*** Opening Data provided ***

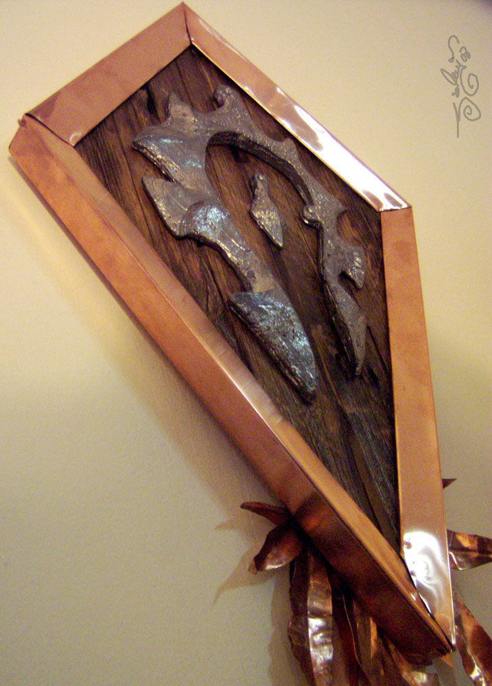 Para dar un par de detalles es el logotipo de la horda fabricado sobre una base de madera de pino y podrida (un palé que me encontré en la calle) con los bordes y las hojas en chapa de cobre de 08 y el emblema de la herradura rara hecho en barro y fundido en plomo con molde de escayola y luego barnizado para que no pierda del todo el brillo.
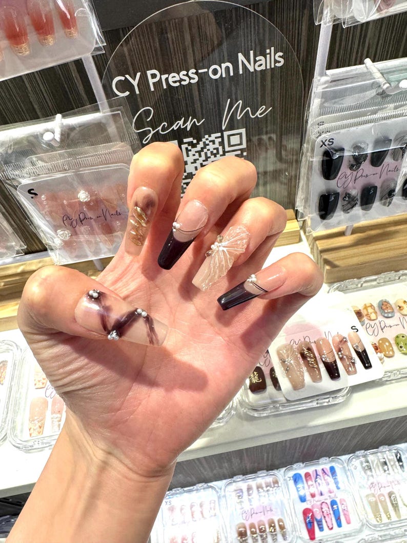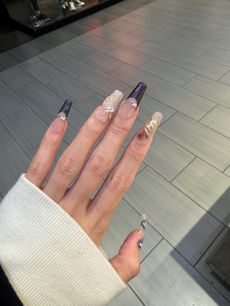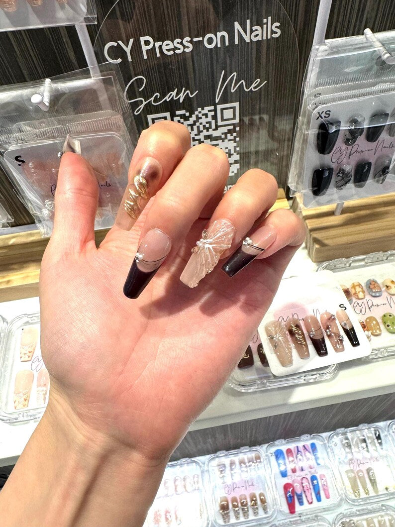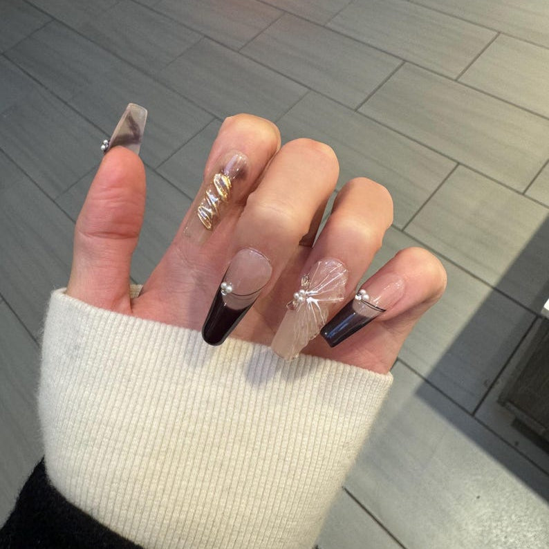Caramel Dark Brown Long Coffin Nails Silk Butterflies with Pearls Nails French Tips Salon-quality Reusable Handmade Press-on Nails
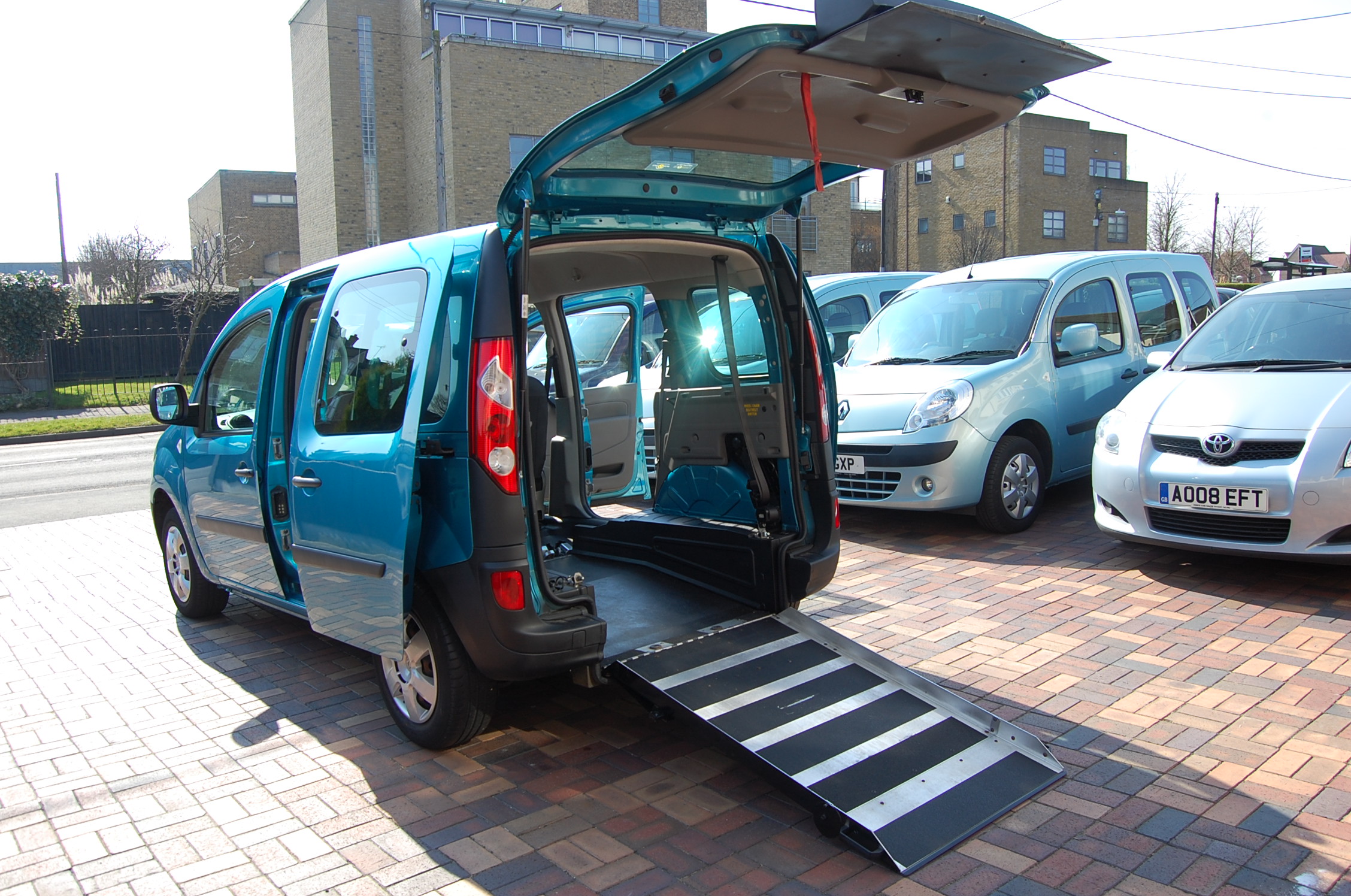 An Essex WAV’s / All Terrain Mobility Renault Kangoo Extreme wheelchair accessible vehicle- with wheelchair/ mobility scooter access ramp on display in our showroom near Southend, Essex.
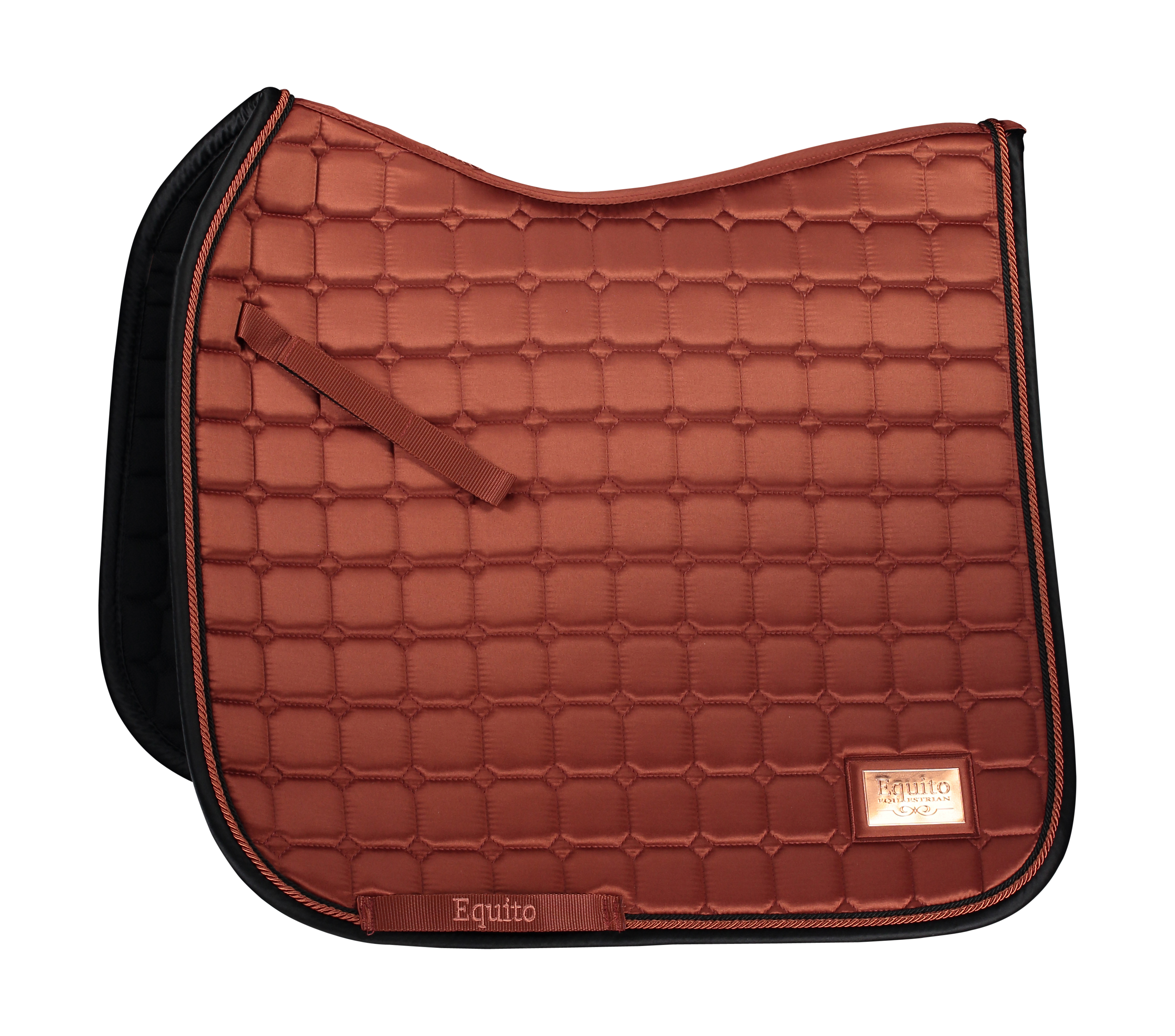 Elegancji dodają mu: piękne ośmiokątne pikowanie, czarna lamówka, błyszczące sznurki oraz elegancka naszywka z logo Equito w kolorze brązowym.
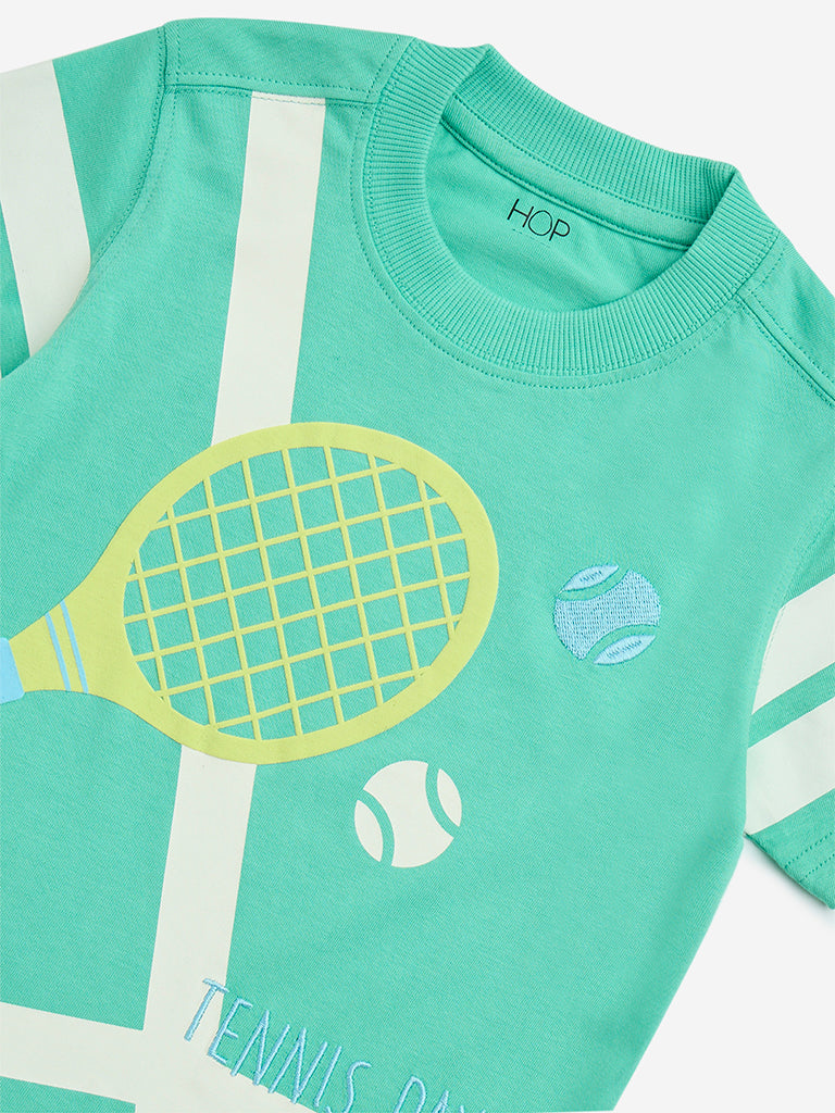 HOP Kids Green Sports-Themed Cotton T-Shirt

*** Closing Data provided ***

Transcribe exactly, and only, the lines from the one containing "Caramel Dark Brown" through the last line of the records above, both included; leave out the pictures.

Caramel Dark Brown Long Coffin Nails Silk Butterflies with Pearls Nails French Tips Salon-quality Reusable Handmade Press-on Nails
 An Essex WAV’s / All Terrain Mobility Renault Kangoo Extreme wheelchair accessible vehicle- with wheelchair/ mobility scooter access ramp on display in our showroom near Southend, Essex.
 Elegancji dodają mu: piękne ośmiokątne pikowanie, czarna lamówka, błyszczące sznurki oraz elegancka naszywka z logo Equito w kolorze brązowym.
 HOP Kids Green Sports-Themed Cotton T-Shirt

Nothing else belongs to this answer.